Since accessing data from disk is expensive, the use of a cache mechanism, sometimes called a buffer, can significantly improve read performance from disk, thus reducing the cost of storage and retrieval of data. The concept involves copying parts of the data either in anticipation of the next disk read or based on an algorithm designed to keep the most frequently used data in memory. The handling of the differences between disk and main memory effectively is at the heart of a good-quality database system. The trade-off between the database system using disk or using main memory should be understood. See Table 2-3 for a summary of the performance trade-offs between physical storage (disk) and secondary storage (memory).

Table 2-3. Performance Trade-offs

Issue

Main Memory vs. Disk

Speed

Main memory is at least 1,000 times faster than disk.

Storage space

Disk can hold hundreds of times more information than memory for the same cost.

Persistence

When the power is switched off, disk keeps the data, and main memory forgets everything.

Access time

Main memory starts sending data in nanoseconds, while disk takes milliseconds.

Block size

Main memory can be accessed one word at a time, and disk one block at a time.
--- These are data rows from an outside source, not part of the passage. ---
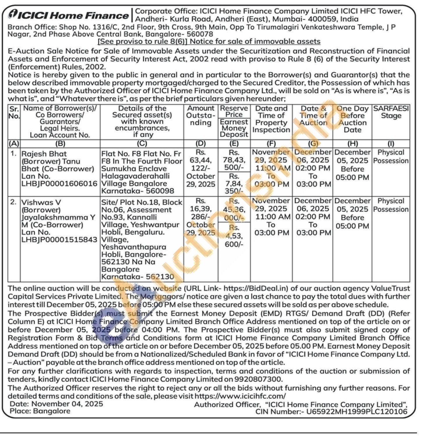 2) Site/ Plot No.18, Block No.06, Assessment No.93, Kannalli Village, Yeshwantpur Hobli, Bengaluru. Village, Yeshavanthapura Hobli, Bangalore-562130 Να Να Bangalore Karnataka-562130
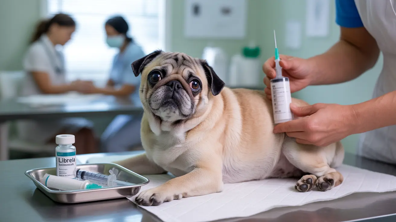 A fawn-colored pug on an examination table at a veterinary clinic, about to receive an injection
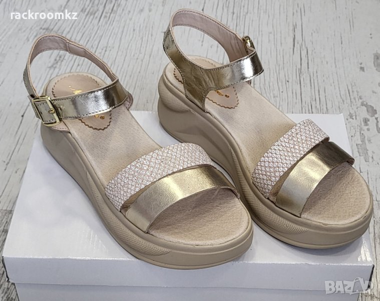 Български сандали от естествена кожа в златист цвят
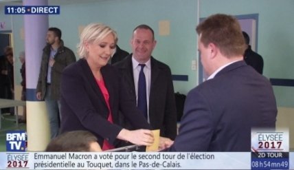Марин Ле Пен также голосовала в департаменте Па-де-Кале, но в городке Энен-Бомон. Позже она также отправится в Париж, где будет ждать объявления результатов голосования.
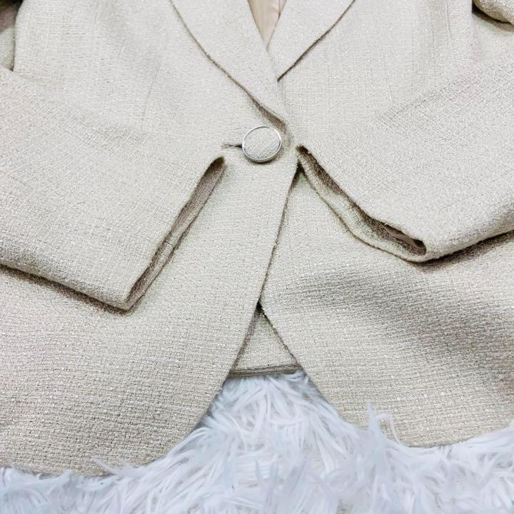 ツイード素材でトップスはテーラードジャケット型なので、仕事の会食や、ちょっと形式ばった場に着ていくのにも丁度良いです。
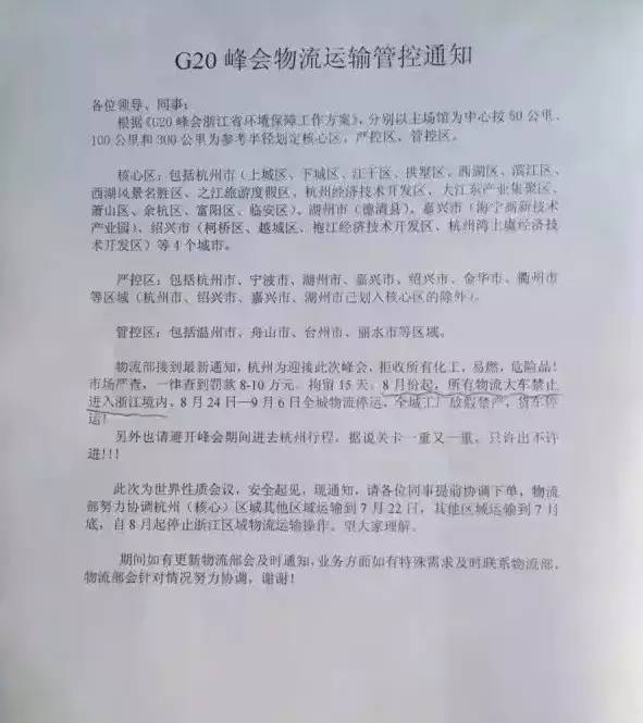 8月24日―9月6日杭州全城物流停运,全城工厂放假禁产,货车停运!假如你没有囤点原材料,如何难熬请自行脑补。
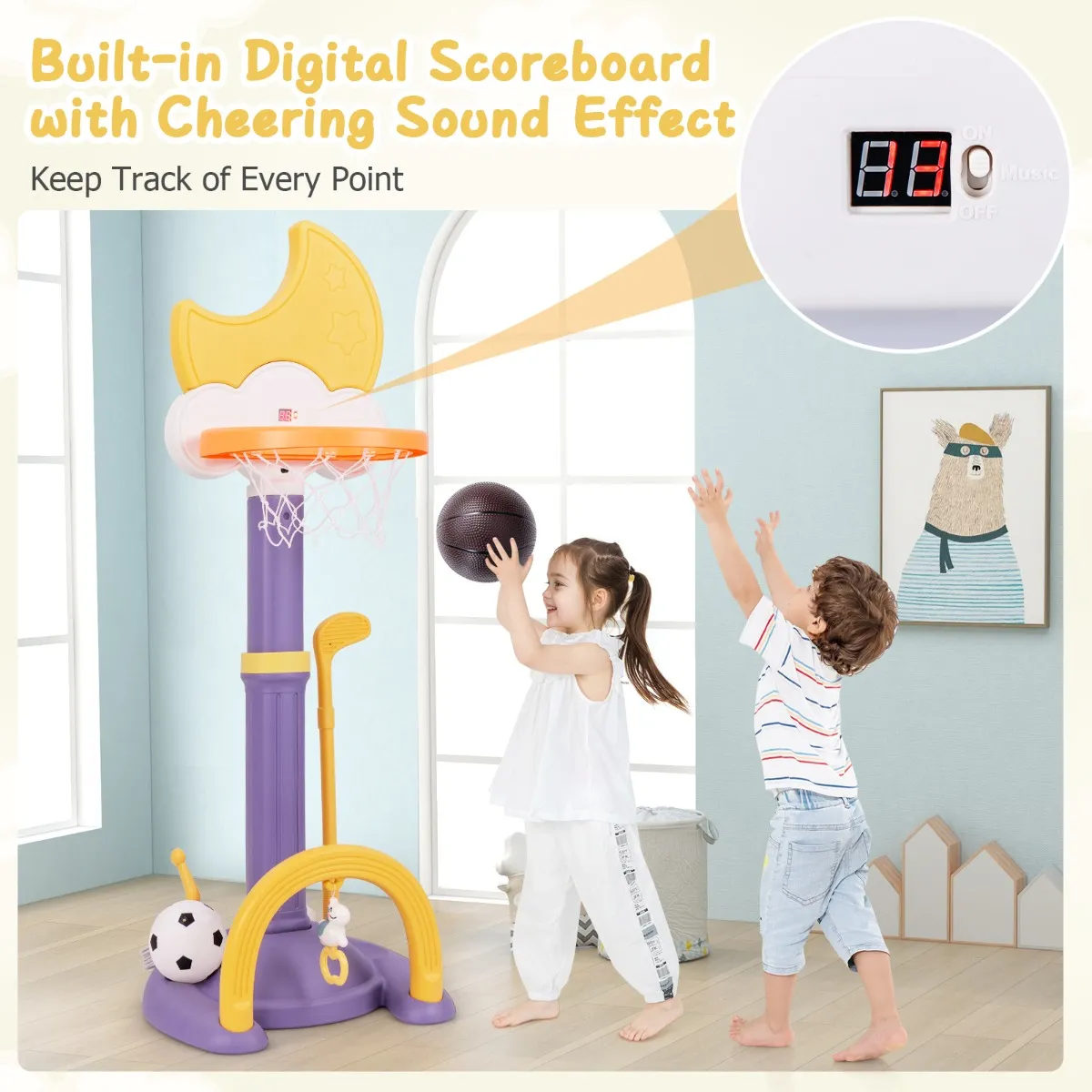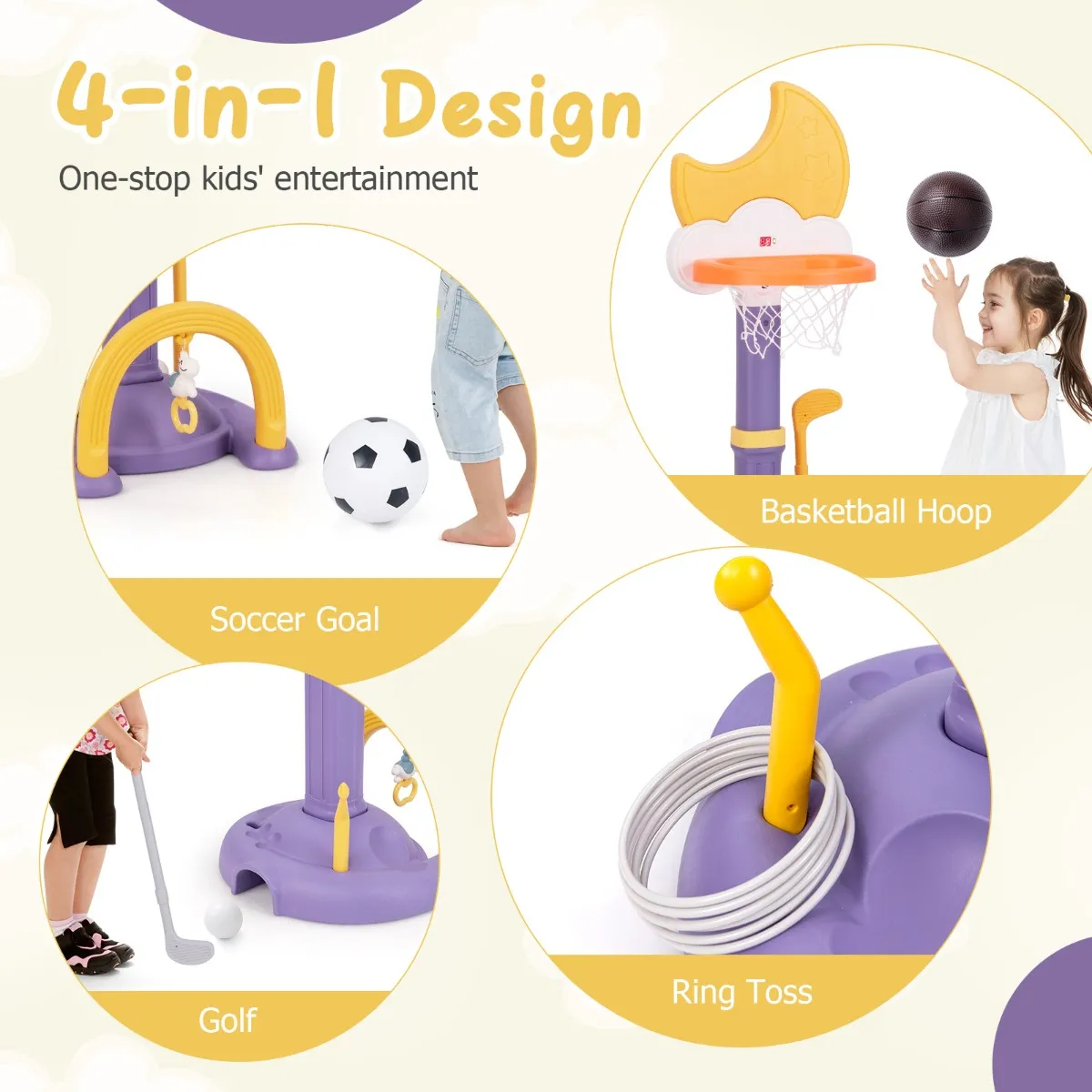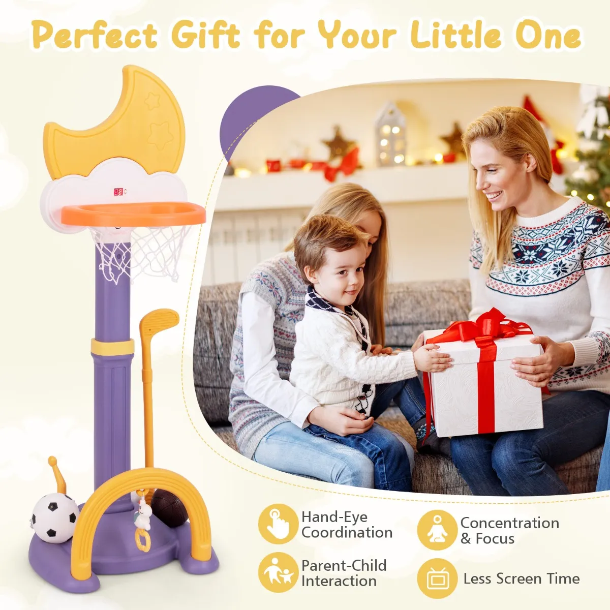Met basketbal, voetbal, golf en hoepelwerpen biedt deze peutervriendelijke faciliteit eindeloos plezier in één compact pakket. De in hoogte verstelbare basketbalring groeit met je kind mee, zodat kinderen van alle leeftijden en groottes plezier kunnen blijven beleven. De verzwaarde basis zorgt voor stabiliteit tijdens het spelen. Dit veelzijdige spel is een perfect cadeau om lichaamsbeweging aan te moedigen en schermtijd te verminderen, terwijl het de ontwikkeling en het plezier van je kind bevordert.
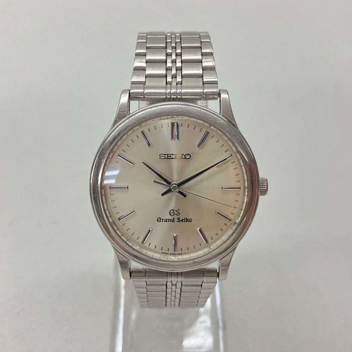 取り扱っている商品は未使用・未開封も含め、全て一度は人の手に渡った一点ものの中古・ジャンク扱いでの商品です。 当方素人ですので肉眼で確認できる簡易的な検品、採寸、および簡易梱包となります。 ※稼働の記載につきましては秒針等の確認のみとなり、全体の動作を保証するものではございません。 また、出品時の中古品の動作状況となりますので、予めご了承の上でご入札ください。 不動の表記につきましてはクォーツ式のムーブメントの場合、動作未確認の状態となります。 電池交換後、不具合があった場合でも返金、返品の対象とはなりませんので、予めご了承くださいますようお願い致します。 細かな日差、オーバーホール状況、社外パーツの使用に関しては保証しかねますので、ご理解いただけた上でのご入札をお願い致します。 上記を踏まえた上で中古品、ジャンク商品として出品させていただいておりますので、全てご理解いただけた上でのご入札をお願いいたします ------------------------------------------------------------------------- 【メーカー】 SEIKO 【モデル名】 GRAND SEIKO 【型番】 8J55-0A10 【シリアル】 9D0198 【サイズ】 直径約3.4cm 腕回り約17cm 【付属品】 画像参照 【稼働状態】 稼働 【その他状態】 リューズ動作 時間:OK 日付:- 曜日:- ------------------------------------------------------------------------- 画像にあるものが全てです。 他詳細は画像にてご判断ください。 ※目立つ傷や汚れを中心に写真を撮っておりますが、画像に写りきっていない傷等がある場合もございます。予めご了承ください。 ※商品を多数出品している関係で、稀に商品説明や画像に誤りがある場合がございます。予めご了承ください。 こちらのページをご覧いただく際は、商品説明文と掲載している画像の全てを確認いただいた上でご入札ください。 | |||||||

Advances in database physical storage have seen many of the same improvements with regard to storage strategies and buffering mechanisms, but little in the way of exploratory examination of the fundamental elements of physical storage has occurred. Some have explored the topic from a hardware level and others from a more pragmatic level of what exactly it is we need to store. The subject of persistent storage is largely forgotten, because of the capable and efficient mechanisms available in the host operating system.

File-access mechanisms are used to store and retrieve the data that are encompassed by the database system. Most file-access mechanisms have additional layers of functionality that permit locating data within the file more quickly. These layers are called index mechanisms. Index mechanisms provide access paths (the way data will be searched for and retrieved) designed to locate specific data based on a subpart of the data called a key. Index mechanisms range in complexity from simple lists of keys to complex data structures designed to maximize key searches.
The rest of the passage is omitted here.